Le case della salute sono il nuovo modo di intendere la cura: in esse si realizza la prevenzione per tutto l’arco della vita e la comunità locale si organizza per la promozione della salute e del benessere sociale. Molte regioni italiane si sono avviate alla sperimentazione delle case della salute, in particolare la Regione Toscana, dove ne saranno create ben 14».
«La proposta della Casa della salute appare per la prima volta in pubblico nel 2004 – riporta la nota – in un convegno nazionale promosso dallo Spi Cgil dal titolo "Le cure primarie, la Casa della salute", per poi diventare parte integrante del programma del Ministero della Salute 'Un New deal della salutè presentato in Parlamento il 27 giugno 2006 dal ministro dell’epoca, Livia Turco».

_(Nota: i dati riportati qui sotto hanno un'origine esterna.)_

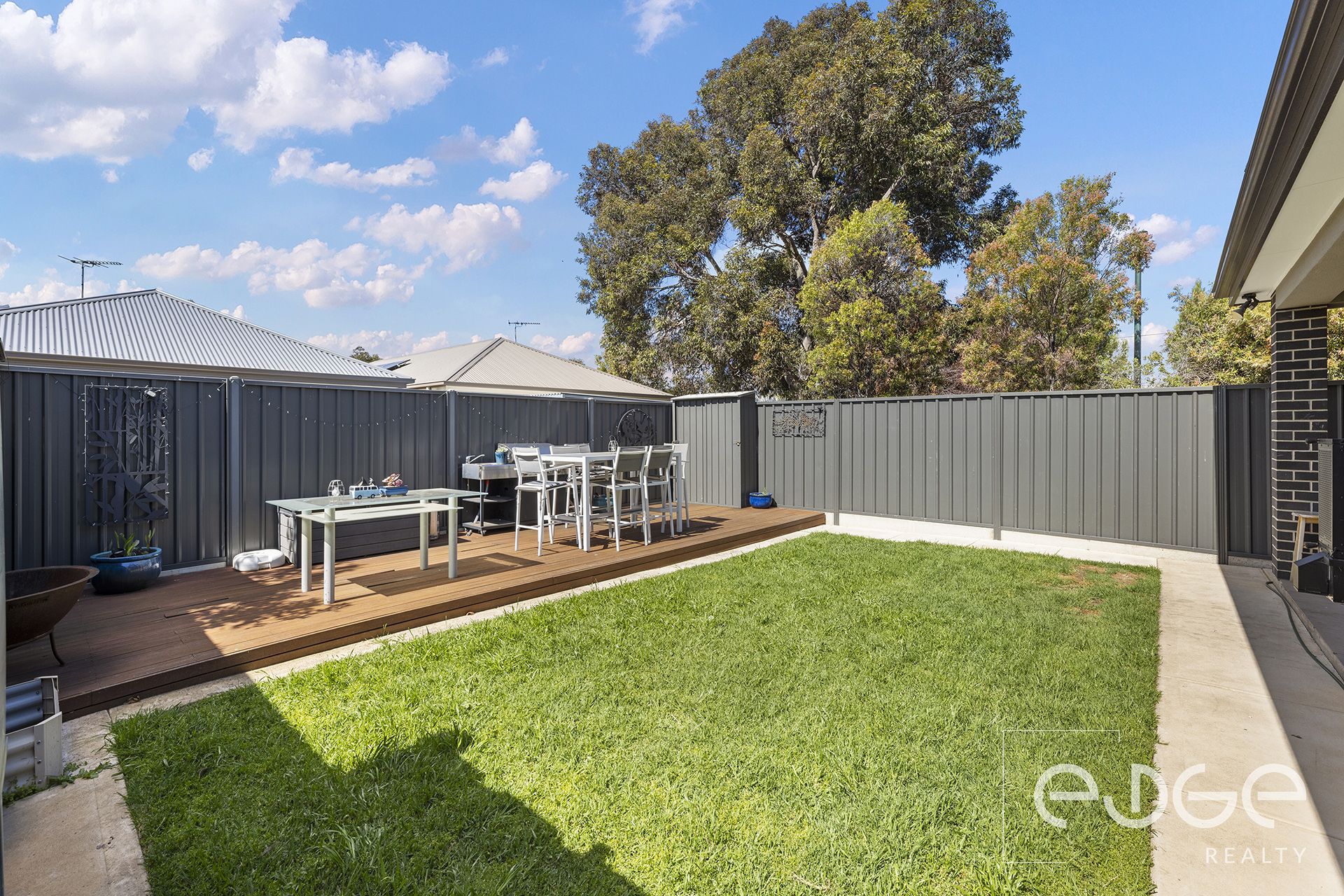 Let the fun spill outdoors under the alfresco where you can sip your morning coffee as the kids and pets play in the fully fenced yard. The decked patio offers a stylish spot for dining under the stars, weekend barbecues, or simply relaxing while basking in the sunshine.
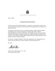 体现我们文化传统的宽容,以及我们人民长久不懈的努力,为我们带来了高质量的生活,丰富多元的文化为全世界所赞美。作为加拿大公民,我们为在加拿大共享开明和宽容的价值观及信仰和宗教自由而感快慰。包括法轮功修炼者在内的所有加拿大人均应谨记,永远不要将这些权利价值视为当然而轻视之。
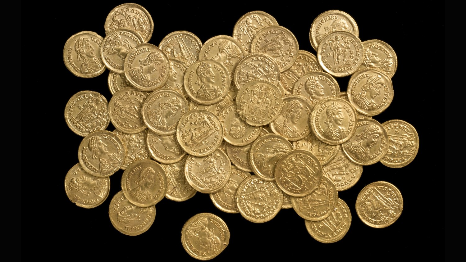 “Gold coins, known as solidi, were extremely valuable and were not traded or exchanged on a regular basis in Roman Britain. They would have been used for large transactions such as buying land or goods by the shipload.
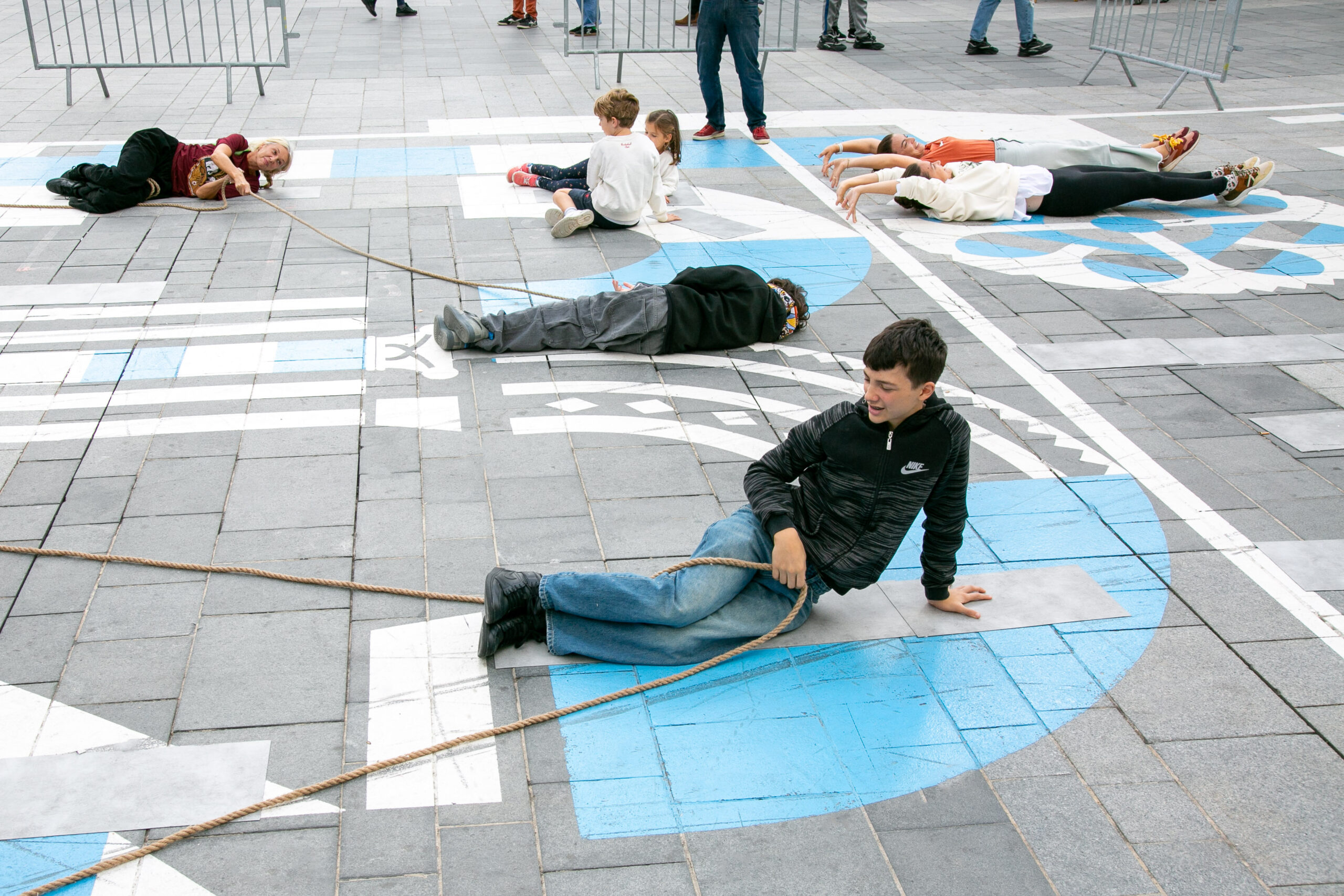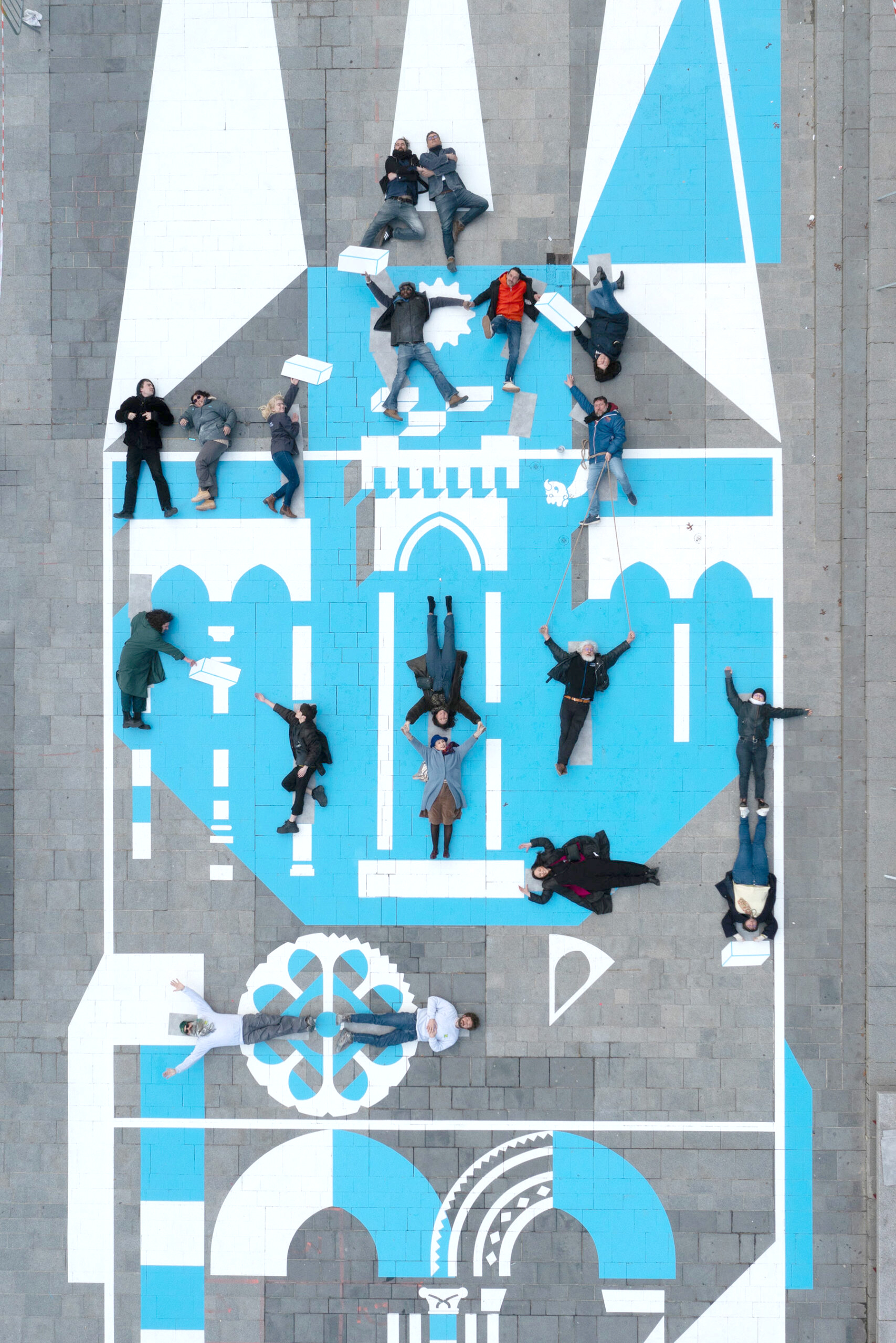 La flèche à l’échelle 1 se décline aussi dans les quartiers de Saint-Denis, via la réalisation de marquages et d’ateliers photographiques avec les habitants, et autour de « morceaux » de la future flèche réalisés eux aussi à l’échelle 1, comme un jeu de piste, pour que chacun puisse poser sa pierre et participer au projet :
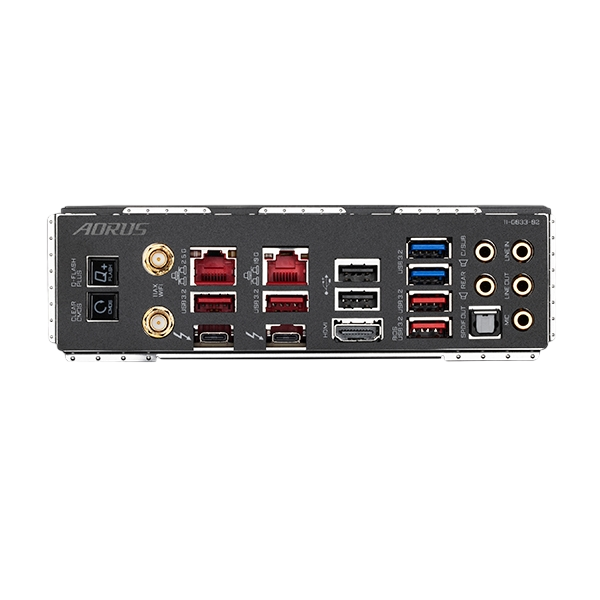 1 x botón Q-Flash Plus 1 x botón para limpiar la CMOS 2 x conectores de antena SMA (2T2R) 2 x Thunderbolt™ 3 connectors (USB Type-C™, with USB 3.2 Gen 2 support) 4 x USB 3.2 Gen 2 Type-A (rojo) 2 x USB 3.2 Gen 1 2 x puerto USB 2.0/1.1 1 x HDMI 2 x puerto RJ-45 1 x conector óptico S/PDIF Out 5 x audio jacks

«Con la riconversione di molti ospedali calabresi in Casa della salute – è detto ancora nella nota – i servizi non saranno diminuiti, nè nella quantità nè nella qualità delle prestazioni. La casa della salute, infatti, potrà: garantire la continuità assistenziale e terapeutica per 24 ore e sette giorni su sette; assicurare un punto unico di accesso dei cittadini alla rete dei servizi e la presa in carico della domanda; promuovere e valorizzare la partecipazione dei cittadini, soprattutto delle loro associazioni, assicurando forme di gestione sociale (programmazione dei servizi e valutazione dei risultati) nei vari presidi e servizi; ricomporre le separazioni storiche esistenti tra le professioni sanitarie, realizzare concretamente l’attività interdisciplinare tra medici, specialisti, infermieri, terapisti e di integrare operativamente le prestazioni sanitarie con quelle sociali; sviluppare programmi di prevenzione per tutto l'arco della vita, basati su conoscenze epidemiologiche e sulla partecipazione informata dei cittadini».
«Gli operatori sociali e sanitari, i medici di base, i pediatri di libera scelta – è detto ancora nella nota – finalmente collocati nella stessa unità di spazio, potranno collegarsi tra di loro e con la specialistica, accedere alle informazioni ed alla formazione loro necessaria ma soprattutto potranno garantire l’immediata presa in carico dei bisogni delle persone, assicurare la continuità assistenziale, agire la prevenzione primaria e secondaria accrescendo la loro professionalità in uno con il benessere delle persone e della comunità. Gli anziani potranno trovare con maggiore immediatezza e facilità le risposte a bisogni di assistenza, di cura ma anche di socialità di cui sono portatori, assieme a tutti i soggetti fragili, mentre i singoli cittadini e le loro associazioni, il sindacato, il volontariato avranno nella Casa della Salute il riferimento per riappropriarsi della capacità di decidere i programmi di salute nella loro realtà, ridiventando protagonisti attivi, informati e consapevoli del loro benessere».